Recorded data
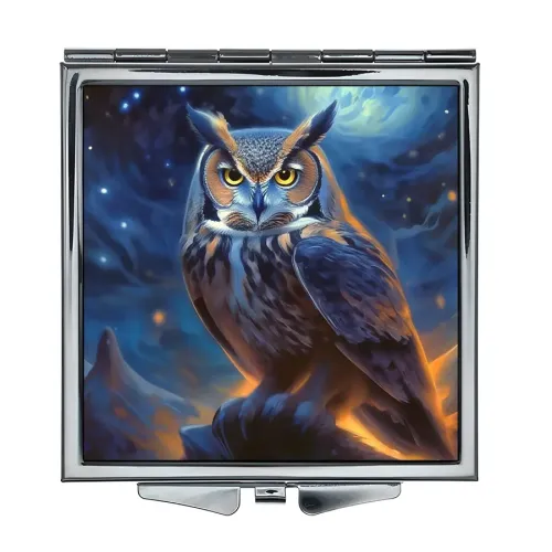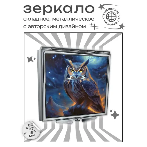 Складное квадратное зеркало с изображением совы на фоне ночного неба.
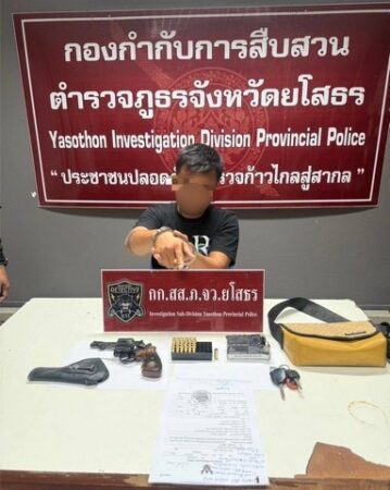 ต่อมาวันที่ 6 มิ.ย.68 เวลา 07.00 น.ชุดสืบสวนกก.สส.ภ.จว.ยโสธร นำโดย พ.ต.อ.ภูมิ ทองโพธิ์ ผกก.สืบสวน ภ.จว.ยโสธร พ.ต.อ.ธนันท์ชัย โสภาวะนัสนิติกุล ผกก.สภ.โพธิ์ทอง อ.เสลภูมิ จ.ร้อยเอ็ด พ.ต.ท.โชตินันต์ โชติเนตร รอง ผกก.สส.ฯ พ.ต.ท. วรวุฒิ นามมั่น สว.กก.สส.ฯ พร้อมชุดปฏิบัติการเสือดำ 651 กก.สส.ภ.จว.ยโสธร และ เจ้าหน้าที่ชุดสืบสวน สภ.โพธิ์ทอง อ.เสลภูมิ จ.ร้อยเอ็ด ทำการปิดล้อมตรวจค้น หมู่บ้านหนองผักแว่น หมู่ 8 ต.โพธิ์ทอง อ.เสลภูมิ จ.ร้อยเอ็ด พบตัวนาย ประกาศิต หรือเท่ มายิ้ม อายุ 23 ปี บ้านเลขที่ 159 หมู่ที่ 13 ต.กุดชุม อ.กุดชุม จ.ยโสธร
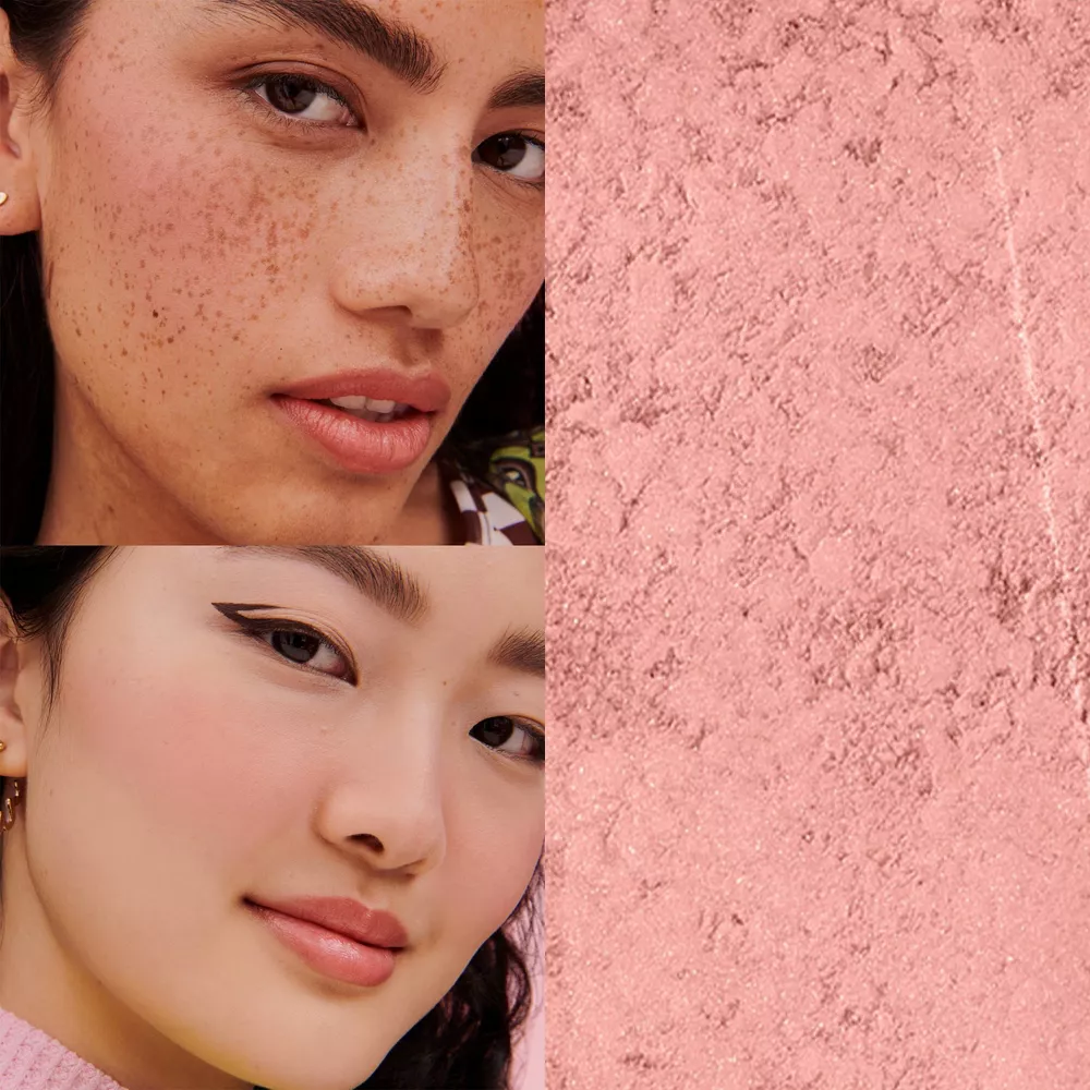 Sweep the blush brush into the cheeks. Mix and build as desired on bare face or over makeup.
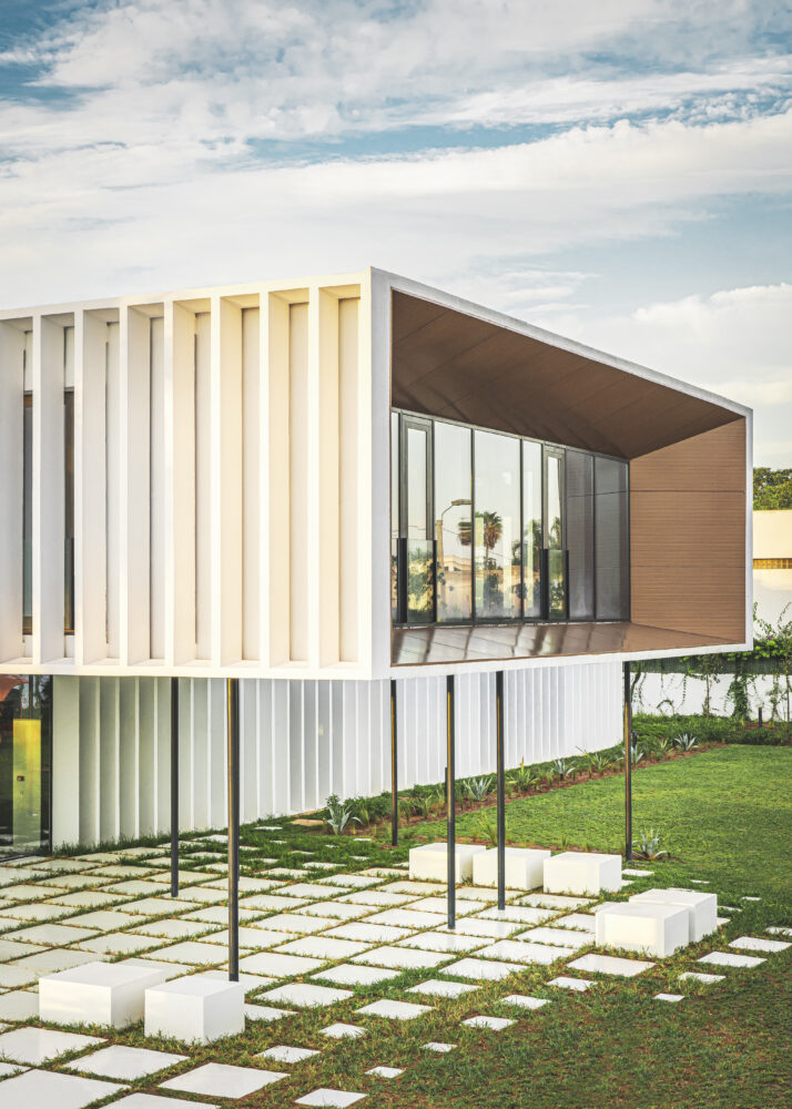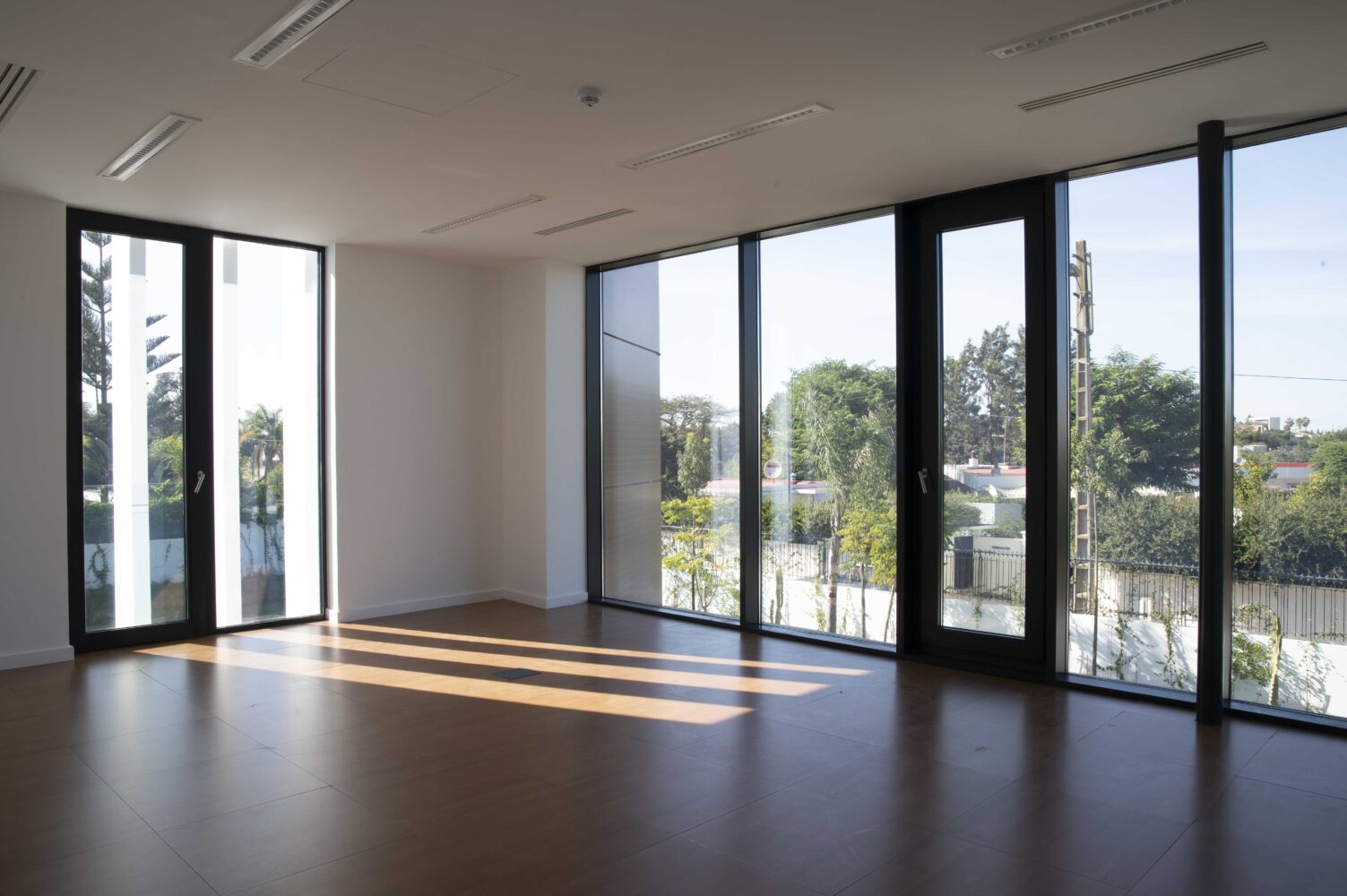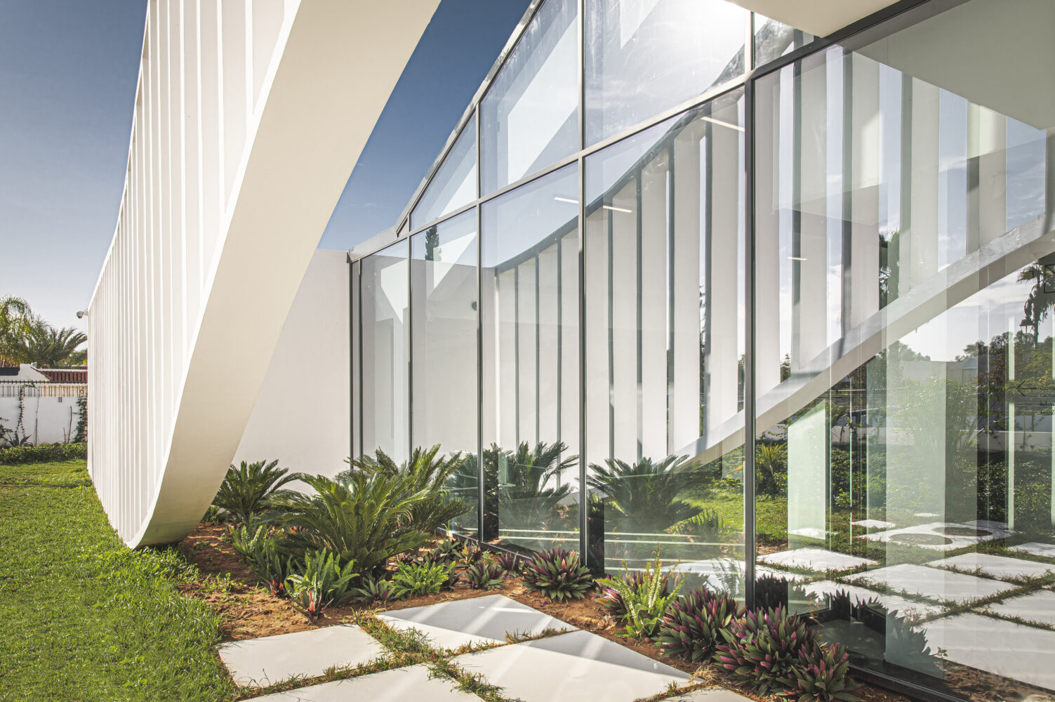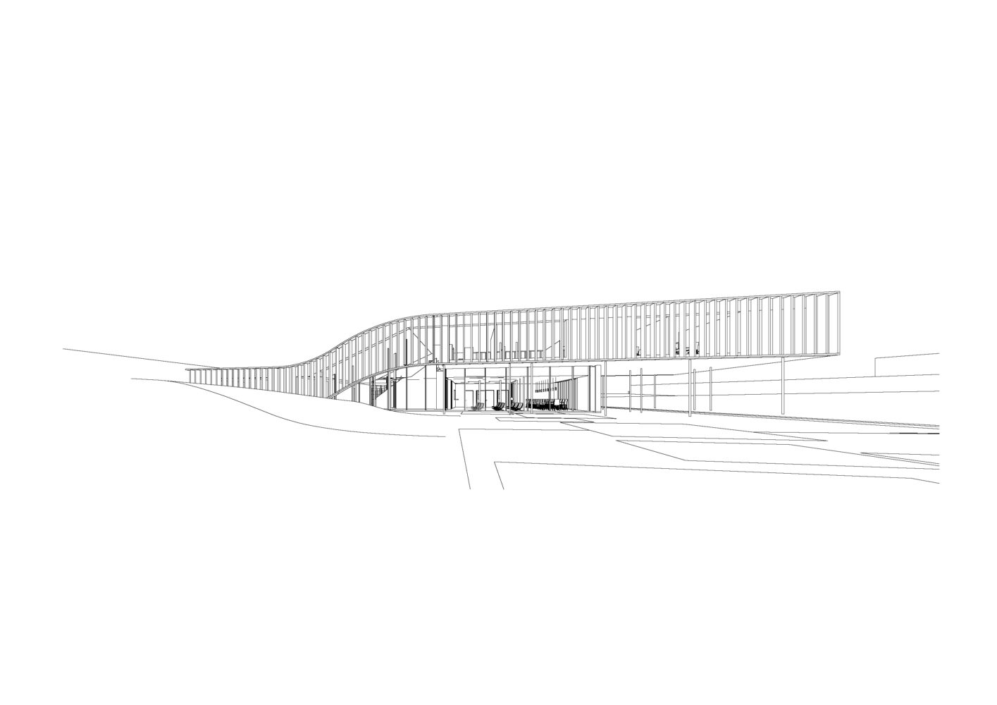 The riad – a typical, vernacular flat volume used to create courtyards – was used as the basis of the composition. Construction proceeded by lifting part of this volume for the reception area, creating a unique shape meant to become a city landmark. The project incorporates time-tested solutions for sun protection such as fixed, vertical sunshades and meets Passive House, net zero energy as well as BREEAM Excellent standards.
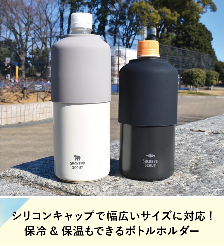 ペットボトルを入れてシリコンのフタをするだけで、保冷・保温して美味しい温度を保ってくれるペットボトルホルダー。結露を防いでくれるので、デスクに置いたりかばんに入れて持ち運ぶことも◎シリコンのキャップを調整すれば、600mLのペットボトルにも使えます。
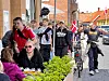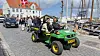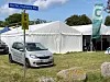 Ganz Allinge ist Teil des Folkemødes und wird ab Mittwochnachmittag zu großen Teilen für den Verkehr gesperrt. Noch ist es also gestattet, durch den Ort zu fahren. Es ist jedoch ratsam, einen Umweg zu wählen, denn von Fahren ist hier kaum noch die Rede. Überall versperren Lieferwagen und Lkws, von denen irgendetwas abgeladen wird, die Straße.
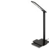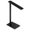 Умная функциональная настольная лампа с 3 режимами освещения: теплый желтый свет, нейтральный свет и холодный свет. Равномерно мягкий свет приятен и безопасен для глаз (отсутствует мерцание). На панели основания лампы можно также регулировать яркость и ставить таймер отключения (1 или 2 часа). В лампе предусмотрена беспроводная зарядка Qi-совместимы устройств, чтобы зарядить смартфон – просто разместите его в центре основания, и зарядка автоматически начнется. Выходной порт USB для проводной зарядки устройств. Благодаря продуманной конструкции лампа может принимать практически любые положения.

Work required ->
Only exact lines belong in the answer: those from the beginning of the entries above through the line holding "ペットボトルを入れてシリコン", with no pictures.

Solution to the exercise ->
 Складное квадратное зеркало с изображением совы на фоне ночного неба.
 ต่อมาวันที่ 6 มิ.ย.68 เวลา 07.00 น.ชุดสืบสวนกก.สส.ภ.จว.ยโสธร นำโดย พ.ต.อ.ภูมิ ทองโพธิ์ ผกก.สืบสวน ภ.จว.ยโสธร พ.ต.อ.ธนันท์ชัย โสภาวะนัสนิติกุล ผกก.สภ.โพธิ์ทอง อ.เสลภูมิ จ.ร้อยเอ็ด พ.ต.ท.โชตินันต์ โชติเนตร รอง ผกก.สส.ฯ พ.ต.ท. วรวุฒิ นามมั่น สว.กก.สส.ฯ พร้อมชุดปฏิบัติการเสือดำ 651 กก.สส.ภ.จว.ยโสธร และ เจ้าหน้าที่ชุดสืบสวน สภ.โพธิ์ทอง อ.เสลภูมิ จ.ร้อยเอ็ด ทำการปิดล้อมตรวจค้น หมู่บ้านหนองผักแว่น หมู่ 8 ต.โพธิ์ทอง อ.เสลภูมิ จ.ร้อยเอ็ด พบตัวนาย ประกาศิต หรือเท่ มายิ้ม อายุ 23 ปี บ้านเลขที่ 159 หมู่ที่ 13 ต.กุดชุม อ.กุดชุม จ.ยโสธร
 Sweep the blush brush into the cheeks. Mix and build as desired on bare face or over makeup.
 The riad – a typical, vernacular flat volume used to create courtyards – was used as the basis of the composition. Construction proceeded by lifting part of this volume for the reception area, creating a unique shape meant to become a city landmark. The project incorporates time-tested solutions for sun protection such as fixed, vertical sunshades and meets Passive House, net zero energy as well as BREEAM Excellent standards.
 ペットボトルを入れてシリコンのフタをするだけで、保冷・保温して美味しい温度を保ってくれるペットボトルホルダー。結露を防いでくれるので、デスクに置いたりかばんに入れて持ち運ぶことも◎シリコンのキャップを調整すれば、600mLのペットボトルにも使えます。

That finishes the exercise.